Un virtuose cadavérique, un Roi des aulnes pompeux et une violette à longue tige
13 février 1887 [n° 103]
p. 140-144
Texte intégral
1La féroce guerre d’extermination menée avec succès et revers par notre légiste aux crocs acérés, Hans von Bülow, contre la grande ombre de Beethoven, a heureusement pris fin à la grande satisfaction de tous les critiques. Enfin dissipé, le petit cumulus chargé de pluie orageuse qui s’accrochait au ciel de notre ville, disparu, et sans avoir lâché sur le public son averse d’invectives : chacun maintenant respire à nouveau tout à son aise et jouit d’une bonne digestion musicale. En témoigne de façon réjouissante la présence enthousiaste du public au concert donné au profit de la Société allemande d’entraide. Et comme le programme promettait essentiellement des plaisirs délicats et digestes, cette circonstance, sérieusement prise en compte par l’avisé ordonnateur du concert, a dû ouvrir d’autant plus l’appétit du public que chacun ne peut avoir un estomac d’autruche et, même si c’est le cas, n’a pas forcément envie de l’exposer inutilement au danger.

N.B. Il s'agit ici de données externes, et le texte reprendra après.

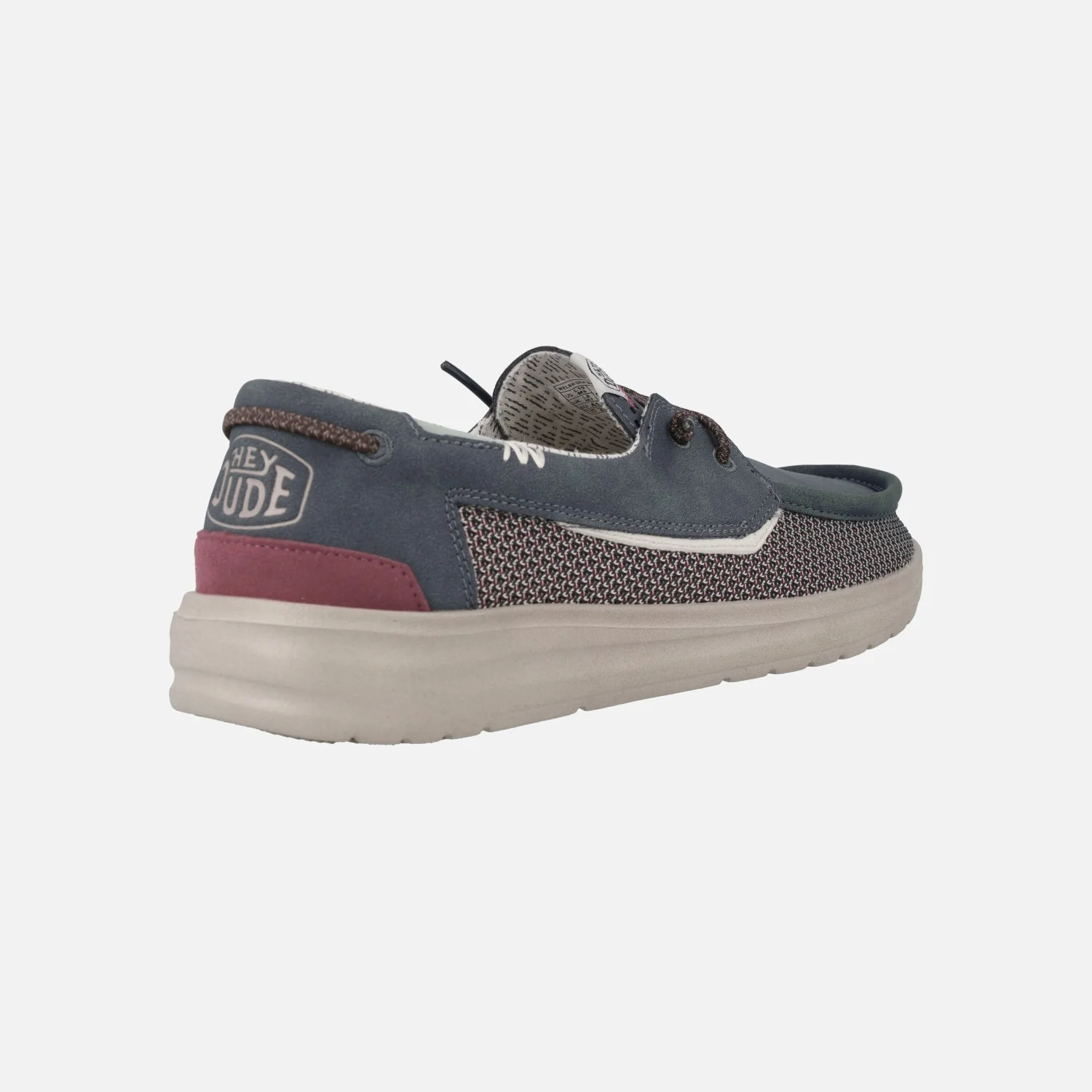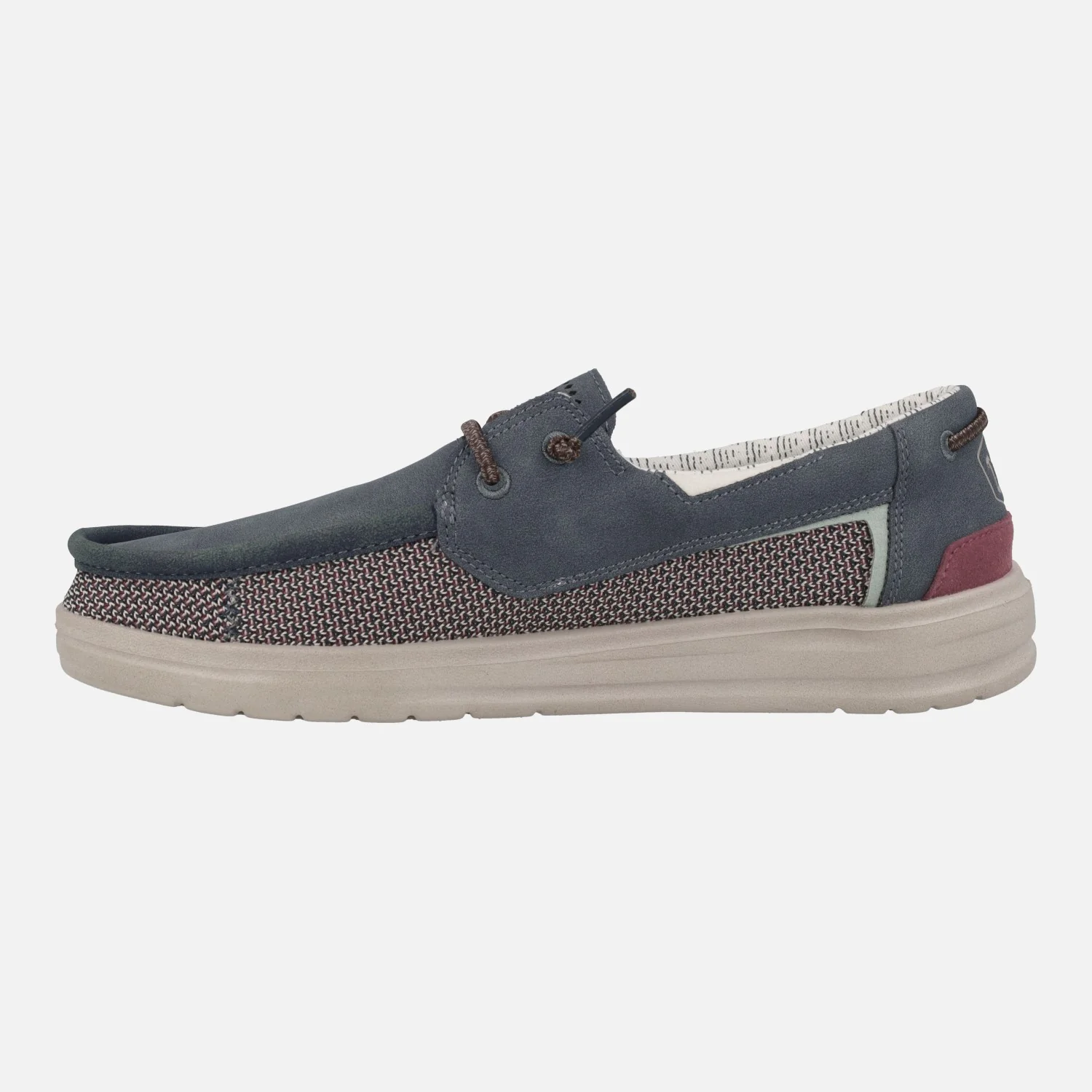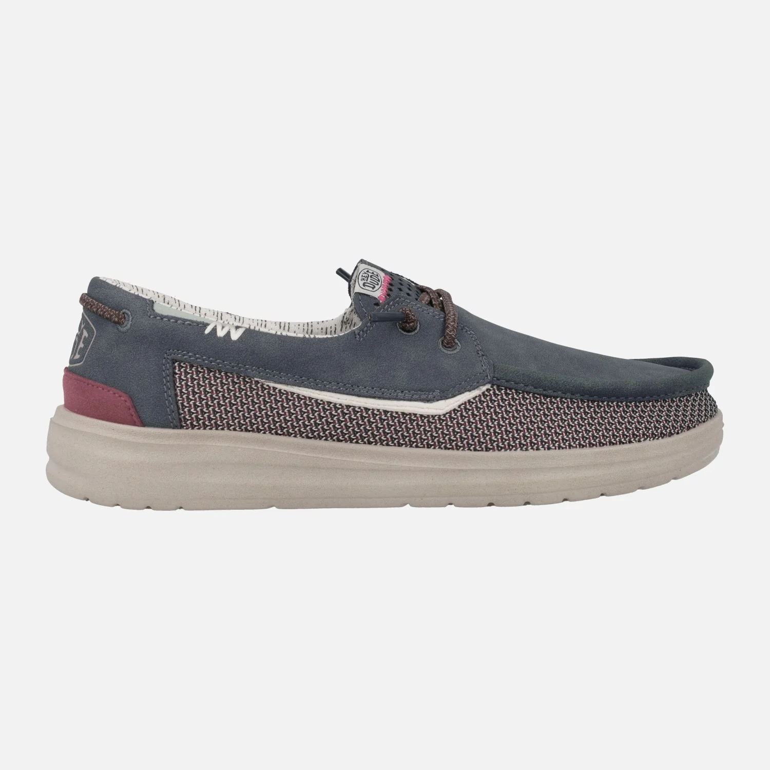 Zapatos náuticos para hombre de la marca Hey dude, modelo Welsh Grip. Disponibles en azul marino (deep blue). Elaborado en tejido y piel reciclada, con forro de algodón. Cordones elásticos para mayor comodidad. Plantillas de espuma con Memory foam forradas de cuero. Piso ligero de goma, ultraligero y transpirable.
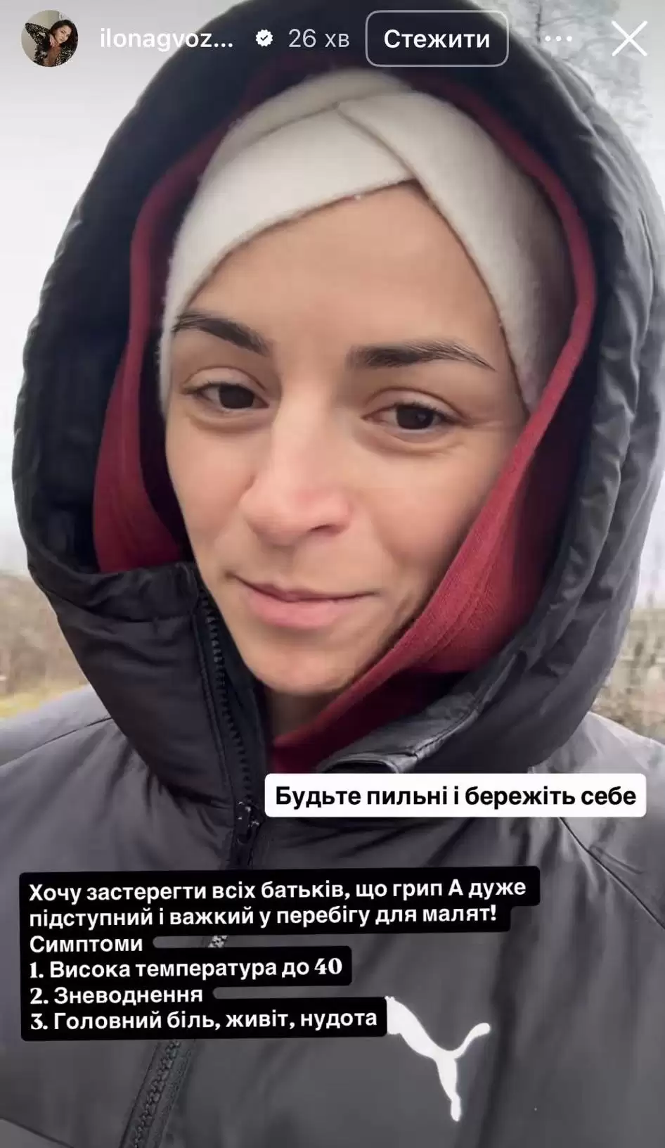 "Якщо чесно, було два дні тому не до сміху, тому що було майже повне зневоднення, температура майже 40 шарашила, це було дуже страшно, і підтвердили все ж таки грип А. Тому всім батькам теж наголошую: слідкуйте за дітками. Особливо ця висока температура...", - зізналася Ілона.
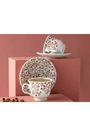 MNZ-English Hiedra Porcelain Set من كوبين قهوة 80 مل كلاريت الأحمر 10035676
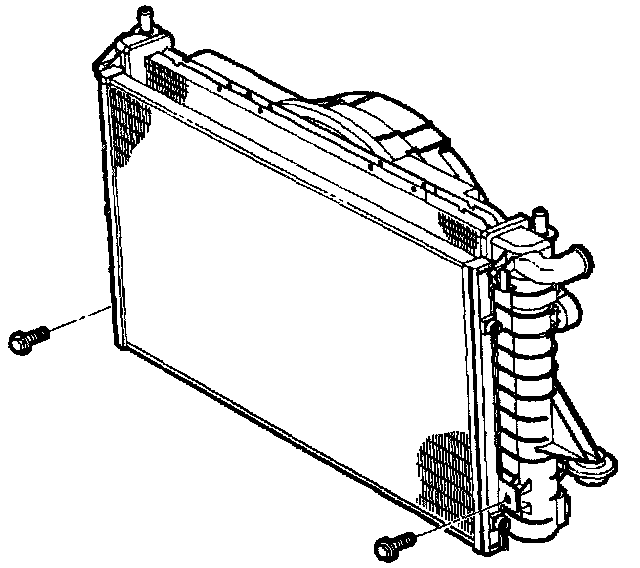 7. Facing the vehicle, pull the condenser back slightly to release it from the mounting pads. Carefully slide condenser straight down.
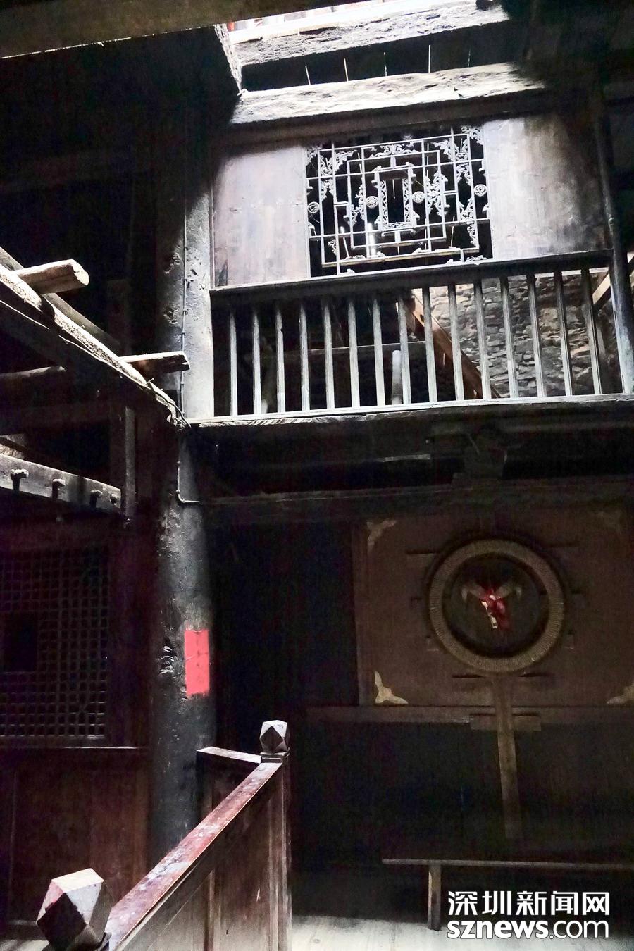 碉樓是整個寨子的標(biāo)志性建筑,目前僅存兩座,一座是陳仕明家的住宅,另一座雄踞在寨子對面的河岸上。碉樓分為9層,高30米左右,各層四方開有射擊窗口,頂樓的鐘孔是作為傳遞消息用的。李仁奇 攝

2Le concert commença avec l’ouverture d’Obéron, dirigée par le maître de chapelle Hellmesberger, et jouée tout feu tout flamme par l’Orchestre du Conservatoire1. Puis ce fut au virtuose du violon César Thomson de faire son apparition, et ce fut bien une apparition, car je ne pus croire qu’il s’agissait bien de Monsieur Thomson en chair et en os. Je crus voir un vampire sorti du tombeau et je me mis malgré moi à fredonner le refrain de la ballade de Marschner : « Garde-nous, Dieu sur la terre, d’être jamais un jour comme lui2 ». Oui, lorsque je vis ma belle voisine, une toute jeune fille, fixer éperdument à travers ses jumelles de théâtre ce cadavre violonant, je fus saisi d’horreur et je ne pus m’empêcher de lui susurrer à l’oreille, con sordini, ces vers en guise d’avertissement :
« Enfant, ne regarde pas l’homme livide
Sinon c’en sera tôt fait de toi !
Détourne bien vite ton regard de lui !
Déjà maintes jeunettes belles et fraîches
Qui plongèrent leur regard dans ses yeux
Durent le payer de mille tourments et de leur sang,
Car, je te le dis tranquillement et entre nous :
Cet homme livide est un vampire3. »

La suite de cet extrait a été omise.